Someone in Toronto just found a TTC transfer from 56 years ago
If you're from Toronto, you're probably aware of the quirky but nostalgic tradition of keeping old transfers from important dates, but someone just found one from a very important date 56 years ago.
Sometimes people commemorate a New Year's Eve or a birthday by holding on to a transfer from that day as a keepsake, but the transfer Mark Kawano's mom saved was from a special time for the whole city.
Scrawled on the old transfer is the number "66" and the note "1st day of Toronto E/W subway." The transfer actually dates back to the opening of the Bloor-Danforth subway line in Toronto now known as Line 2, which opened Feb. 26, 1966. The transfer is dated Feb. 28.
"I don't think she ever mentioned that actual day that she rode on the new subway. Her journal entry for that day only says, 'I rode the subway 1st time, Keele to Spadina. It was 15 min. faster,'" Kawano tells blogTO.
"It was just a typical work day for her. My folks adopted me as an infant in 1967, so by the time I was old enough to hear their stories, something like that would've been long forgotten."
If you're hoping to preserve your memories for future generations, take a page from Kawano's mom's book and keep a journal.
"Nothing super personal or detailed, just writing down daily activities and events in those little diary type books," says Kawano.
His mother kept journals from 1948 up until the 2000s, and he found the old transfer tucked away in one of them.
"The TTC transfer was just tucked away in her 1966 book. She kind of kept everything so it wasn't a surprise to find it, with her hand written note and year added to the date," says Kawano.
"I had gone through these journals before and knew it was in there somewhere. I just thought it would be nice to share the unusual souvenir online. Like my mom, I tend to keep things, so I'll just keep it tucked in the 1966 book for now."
Japanese-Canadian, the journals start just as Kawano's mom is preparing to return to Canada from a nannying job in Japan, which she had started just as WWII broke out.
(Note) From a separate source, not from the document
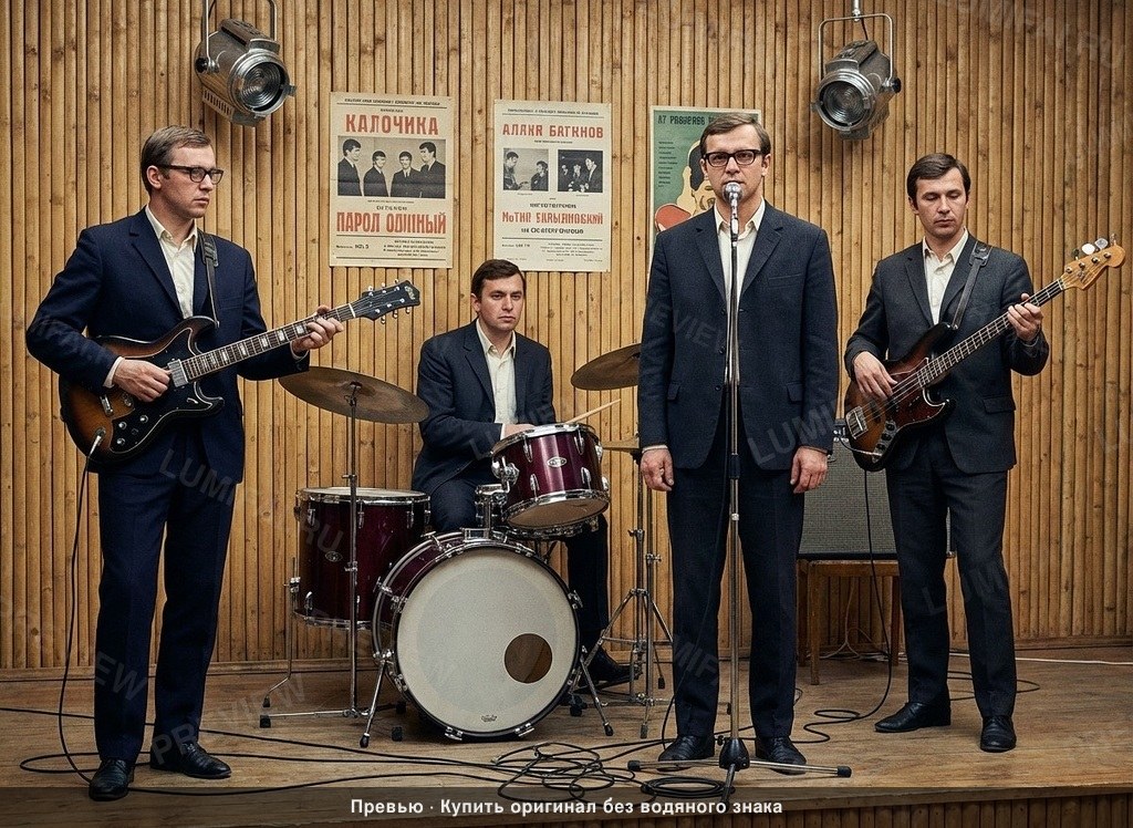 Perform meticulous non-destructive restoration and colorization of this aged photograph. Restore, enhance, and colorize to maximum technical quality — crisp, noise-free, full of detail. Add historically accurate colors. Output MUST have the EXACT same aspect ratio as the input. Colorize the EXISTING photograph using ORWO Color NC / SVEMA 130 color palette: moderate saturation, slightly cool midtones, natural warm-neutral skin, and muted but grounded primary colors typical of late 1970s and early 1980s Soviet film. Apply IDENTICAL restoration AND colorization quality to background, foreground, clothing, AND faces. Damage is concentrated in the corners (tears and missing data), the upper white space (chemical staining and fading), and vertical white scratches throughout the center and lower stage area. Background: Restore the bamboo or slat-wood wall texture, removing all spots and scratches. Colorize with natural wood tones. Enhance the two stage lights, identifying metallic textures and glass lenses. Restore the vintage posters/photographs on the wall with clear definition and accurate paper-tint colors. Foreground: Restore the drum kit, guitar, and bass with high-fidelity detail. Colorize the drum shells with a deep, period-accurate color (like burgundy or blue) and ensure the metallic hardware (cymbals, stands, bridges) has a sharp, clean chrome or brass finish. Restore the tangled cables on the floor, ensuring they are distinct from the wooden stage slats. Clothing: Restore the suits and shirts of all four band members. Colorize with dark, professional tones (navy, charcoal, or dark brown) while preserving the heavy fabric weave, lapel stitching, and shirt patterns. The shirts should show natural white or cream cotton textures without blowing out. Edges and Corners: Repair the missing physical material in the upper right and bottom right corners. Heal all spider-web-like scratches on the far left and right edges. Faces: Restore with neutral skin tones—warm-brown to cool-neutral, natural for Eastern European people. Avoid orange or waxy textures. Preserve glasses frames, natural hair sheen, and eye iris details without artificial smoothing. Preserve individual hair strands for the era-specific hairstyles. WARNING: You have a natural bias toward faces. COMPENSATE — apply extra restoration and colorization effort to background, instruments, and clothing. Natural analog-film palette — moderate saturation, warm-neutral tones. ALL areas processed with EQUAL quality. Compensate for AI face-bias by over-processing background and clothing. ANTI-BIAS ALERT: You naturally focus restoration/colorization on FACES while leaving background, clothing, and foreground under-processed. This is the #1 quality failure. Consciously counteract this. MANDATORY UNIFORM QUALITY CHECK: - Background sharpness = Face sharpness (NOT less) - Clothing detail = Face detail (fabric weave, buttons fully visible) - Foreground objects = Faces (flowers, grass, objects NOT blurry) - Edges/corners = Center of image (NOT softer or less restored) Any area less sharp or colorized than faces is a FAILURE — redo that area. ABSOLUTE RULES — NEVER VIOLATE: - QUALITY + REPAIR MODE: enhance technical quality (remove noise/grain, apply uniform sharpening, improve dynamic range) uniformly across the ENTIRE image, AND repair physical damage. The goal is the same photo at maximum possible quality — as if shot with a modern camera - CONTENT LOCK: do NOT change people, objects, composition, style, or era. Same scene, same identity — just technically better. Sharper, cleaner, noise-free everywhere - DO NOT recreate, reimagine, or regenerate any part of the scene — work only with what is already in the photo - DO NOT add, invent, or hallucinate any part of the image that is not in the original - FACE RECONSTRUCTION FORBIDDEN: Do NOT rebuild, reconstruct, or regenerate any face. Ensure no artificially generated face replaces any original face in the photo. Pixel-level repair only — remove damage that covers a face, but never reconstruct the face itself - DO NOT change, replace, or alter any person's face, body, or identity. 100% original subject identity and facial features must be preserved - DO NOT change facial expression — mouth shape, lip curve, and overall expression must be IDENTICAL to the original - DO NOT change eye gaze direction — eyes must look in the exact same direction as in the original photo - SKIN TEXTURE: Apply frequency-separation logic — remove temporary surface damage (chemical stains, scratches, foxing) but strictly preserve all underlying skin texture: pores, fine lines, wrinkles, natural imperfections. Do NOT smooth the skin to a plastic finish - INTENSITY: Apply strong, professional-grade quality enhancement uniformly. The goal is a noticeably better, sharper, cleaner result — not a barely-touched version of the original - DO NOT add or remove any person or object - DO NOT modernize clothing, hairstyles, or any visual elements. Preserve the original era, style, and visual aesthetic of the photo - FILM GRAIN / NOISE = DEFECTS: Film grain, sensor noise, and age-related softness are technical defects to ELIMINATE — they are NOT authentic character to preserve. Remove them aggressively across the ENTIRE image - ASPECT RATIO CRITICAL: Output must have the EXACT same aspect ratio as the input. DO NOT crop, add borders, expand canvas, or shift composition. Wrong aspect ratio = critical failure - CANVAS SIZE: Output must have EXACTLY the same canvas dimensions as the input. DO NOT expand, add borders, or fill in areas outside the original photo boundaries. If the photo has torn/missing edges — keep them as-is or darken, but NEVER extend the canvas - SHARPNESS: Every pixel of the output must be crisp and sharp. NO softness, NO blur, NO smoothing anywhere. Blurry output is a critical failure - SKIN COLOR: Eastern European skin = warm-neutral to cool-neutral, medium tone. NEVER red or orange. N

She passed away in 2004 and left all her journals behind for Kawano.
As for whether anyone will ever find anything Kawano himself has kept in the future and be transported through Toronto's history, he doesn't think he has anything particularly remarkable stashed away right now, but only time will tell.
"My own stash of Toronto memories are more like tickets and match books from the 80s bar scene," says Kawano. "Probably the same stuff everyone else my age has."